It's raining in Benin when I get in, it's always raining in Benin. I find that I shouldn't have rushed down, I'm actually two days early. I drop my things in the place I'll be staying and decide to go and get food in Mat-ice, I've been fantasising about their fish and ice cream for sixteen months.
As I walk through the corridors of UBTH- on my way to Mat-ice, I'm assauged by an avalanche of memories. It's raining steadily, no one carries an umbrella, the rain never gather muscle as they'd say in Benin. I suddenly realise how much of my memories have been shaped by rain. Me at eighteen, with a crush on the cutest guy in fellowship, luckily I didn't know it was a crush, even luckier that he didn't take advantage of me and my feelings. The long walks after fellowship when we'd talk about everything under the sun, his voice washing over me, his brilliance and humour kept me magnetised. He left that year, I didn't mourn him too much though, I had already falling in crush with someone else.

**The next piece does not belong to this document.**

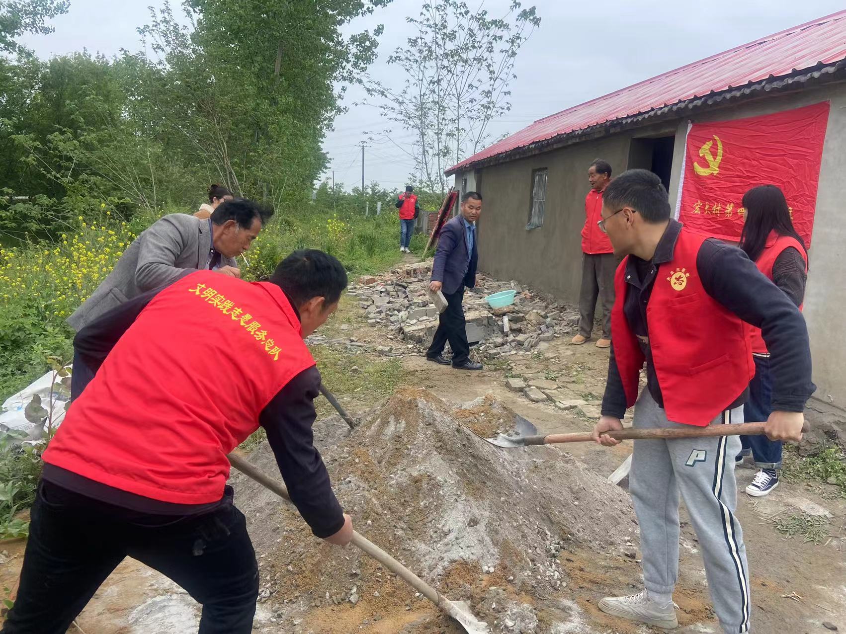 5月4日上午,部分党员、群众志愿者一行10人浩浩荡荡的来到了宏大村马庄组老党员马兆明家,帮助其整修濒临倒塌的房屋。活动现场,他们身着红马甲,有人砌墙、有人搬砖、有人提水、有人搅拌水泥……一件件、一桩桩工作都在有条不紊地进行着,虽然辛苦、虽然流汗,但大家还是忙得热火朝天的,没有一丝怨言和抱怨,以实际行动,充分践行了“奉献、友爱、互助、进步”的志愿者精神。

Then walks in the love of my life, we met at night, me crying on phone and talking to my boyfriend's elder brother, I needed to pour out my pain to someone. I'd noticed him earlier, at midnight. He came into class with his friend, he was so carefree and happy and I was so flipping miserable. I couldn't stop looking at him and envying his happiness, he was laughing and disturbing his friends, I was sitting in front of my books, I was so darn sad.
At 00:30 I went to make a call, I'd decided I couldn't take it anymore, I called Kieran's brother. Though he comforted me as we talked, I realise I have to break up with his brother. As I drop the call I find him beside me, the man I'd envied his happiness. He asks my name and stays with me through the night. We went on a long walk that night, his jacket on my shoulders dwarfing me. Strangely I wasn't afraid, walking down the lonely roads of Uniben at 1am with two men I had met less than an hour before, yes we went with his friend. I don't see him again for nearly two months, there was a long holiday and he was schooling as well as working in Escravos.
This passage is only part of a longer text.